BioEmu on Modal

Gist link to modal input script here

It seems the literature is heading to the conclusion that cofolding models do not generalise to new chemistry, see, e.g. this paper or this one

As an alternative to cofolding models, perhaps we could just expose a cryptic site by generating an ensemble of conformations of some protein of interest. Once the site is exposed, then regular, boring, modeling techniques that have stood the test of time (e.g. docking) might work well. Molecular dynamics is one way to expose such cryptic sites, given a very long time. Neverthless, even with techniques like cosolvent simulations or enhanced sampling, it'll take a while and not insignificant money, so it won't be a standard approach for most.

Instead, there are now protein structure-prediction models that aim to generate conformer ensembles. One such model was trained in multiple stages on a dizzying multi-modal dataset, including experimental stabilities, molecular dynamics, and static snapshots. Yet I'd never heard of it until seeing an experimental notebook in the ColabFold repo use it, which didn't work for me. So, today's snippet shares how to run BioEmu on Modal for the fellow GPU-poor. This took some serious tinkering - Modal is fussy at best, but then BioEmu wants you to install colabfold, into a fresh conda, without activating the environment, then finally patching several files. There's also a uv virtual env tucked in there, too. Obviously that will completely screw with a Modal instance. But the magic incantation does exist, and here it is.

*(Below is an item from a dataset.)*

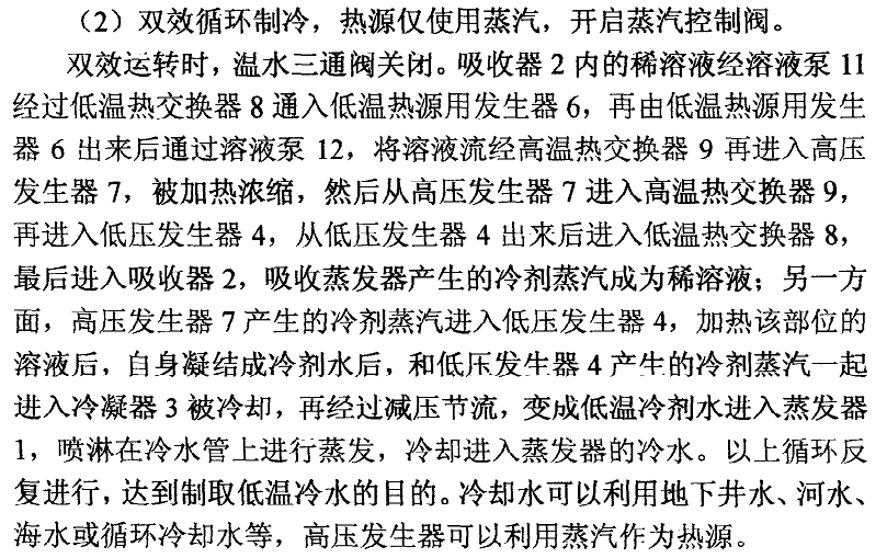 吸收器2內(nèi)的稀溶液經(jīng)溶液泵11經(jīng)過低溫?zé)峤粨Q器8通入低溫?zé)嵩从冒l(fā)生器6,被單效熱源熱水加熱濃縮,由低溫?zé)嵩从冒l(fā)生器6出來后經(jīng)溶液泵12、高溫?zé)峤粨Q器9進(jìn)入高壓發(fā)生器7,被加熱濃縮后進(jìn)入高溫?zé)峤粨Q器9,再進(jìn)入低壓發(fā)生器4,然后經(jīng)溶液泵1 3進(jìn)入低溫?zé)峤粨Q器8,最后進(jìn)入吸收器2,吸收蒸發(fā)器產(chǎn)生的冷劑蒸汽成為稀溶液:另一方面,高壓發(fā)生器7產(chǎn)生的冷劑蒸汽先進(jìn)入低壓發(fā)生器4,加熱該部位的溶液后,自身凝結(jié)成冷劑水后,和低壓發(fā)生器4產(chǎn)生的冷劑蒸汽一起進(jìn)入冷凝器3被冷卻,同時(shí)低溫?zé)嵩从冒l(fā)生器6產(chǎn)生的冷劑蒸汽進(jìn)入低溫?zé)嵩从美淠?被冷卻,然后經(jīng)管路16進(jìn)入冷凝器3,與在冷凝器3被冷卻的冷劑混合后,經(jīng)過減壓節(jié)流,變成低溫冷劑水進(jìn)入蒸發(fā)器l,噴淋在冷水管上進(jìn)行蒸發(fā),冷卻進(jìn)入蒸發(fā)器的冷水。以上循環(huán)反復(fù)進(jìn)行,達(dá)到制取低溫冷水的目的。低溫?zé)嵩纯梢岳锰柲軣崴?、?nèi)燃發(fā)電機(jī)缸套水、工藝廢熱水等,冷卻水呵以利用地下井水、河水、海水或循環(huán)冷卻水等,高壓發(fā)生器可以利用蒸汽作為熱源。

The example snippet uses T4 lysozyme and generates 50 samples, apparently in proportion to their free energy if you believe the paper. After trying a few systems, this might be true. Some samples are filtered out due to unphysical geometry. The output is in an xtc file, which can be parsed easily enough with MDTraj or MDAnalysis. Pro tip: do not use HPacker to rebuild sidechains. Use Yang Zhang's FASPR instead - faster, already works perfectly, and much less fiddly.